Le Club Med est loin d’être un cas isolé. La majorité des entreprises déploient leur propre LLM, à l’instar de One Point. L’an dernier, le cabinet de conseil a mis en place une IA pour ses 3.500 collaborateurs, baptisée Néo. « Tous nos modèles sont déployés à l’intérieur d’un cloud privé », spécifie Nicolas Gaudemet, chief AI officer chez OnePoint. « L’ensemble des accès à l’outil sont protégés par une double authentification via l’intranet de l’entreprise. » Autre avantage de taille : Néo est personnalisable et répond à des problématiques métiers propres à l’entreprise.

De son côté, Orange préfère progresser étape par étape. En attendant le déploiement prévu en 2024 des infrastructures pour utiliser les LLM existants a grande échelle, l’opérateur « teste ces technologies dans de nombreux domaines d’application et a mis à disposition une interface contenant différents modèles disponible depuis l’intranet du groupe », détaille Raphaël Mombellet, directeur Data science et analyses chez Orange, également directeur du programme IA générative pour Orange France. Là encore, le programme est hébergé dans l’environnement cloud Azure dédié à Orange, dont les serveurs sont situés en Europe. « Cela nous permet de mettre à disposition de l’ensemble de nos salariés la puissance de l’IAG dans un environnement sécurisé. Ils peuvent ainsi s’habituer au fonctionnement des LLM et tester leurs idées pour améliorer la productivité avant l’arrivée de notre outil. »
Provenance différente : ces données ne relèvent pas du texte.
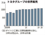 トヨタグループの世界販売は14年以降1000万台を越えており、17年に過去最高の1038万台を記録した。19年見込みは、18年実績比1%増の1072万台としており、海外市場の減速が響き昨年発表した当初計画より4万台下回る。

« Le risque zéro n’existe pas »

Quelle que soit la solution envisagée, toutes les entreprises sont unanimes : le risque zéro n’existe pas. « Même si l’environnement est sécurisé, il vaut mieux rester prudent et clarifier les données présentant des risques en fonction des algorithmes utilisés», conseille Anne Claire Baschet, chief data officer chez Aramis Group. En juillet dernier, le spécialiste européen de la vente de véhicules d’occasion reconditionnés a développé un portail connecté à la version API de ChatGPT. L’outil est programmé pour exclure certaines données sensibles, telles que les informations stratégiques ou les données personnelles.

En parallèle, le groupe mise sur le volet formation et sensibilisation aux risques. « Un meet-up collaboratif et pratique est organisé tous les mois à travers les six marques d’Aramis Group afin d’encourager les usages chez les collaborateurs », ajoute Anne Claire Baschet. Des dispositifs similaires sont mis en place chez Orange ou le Club Med.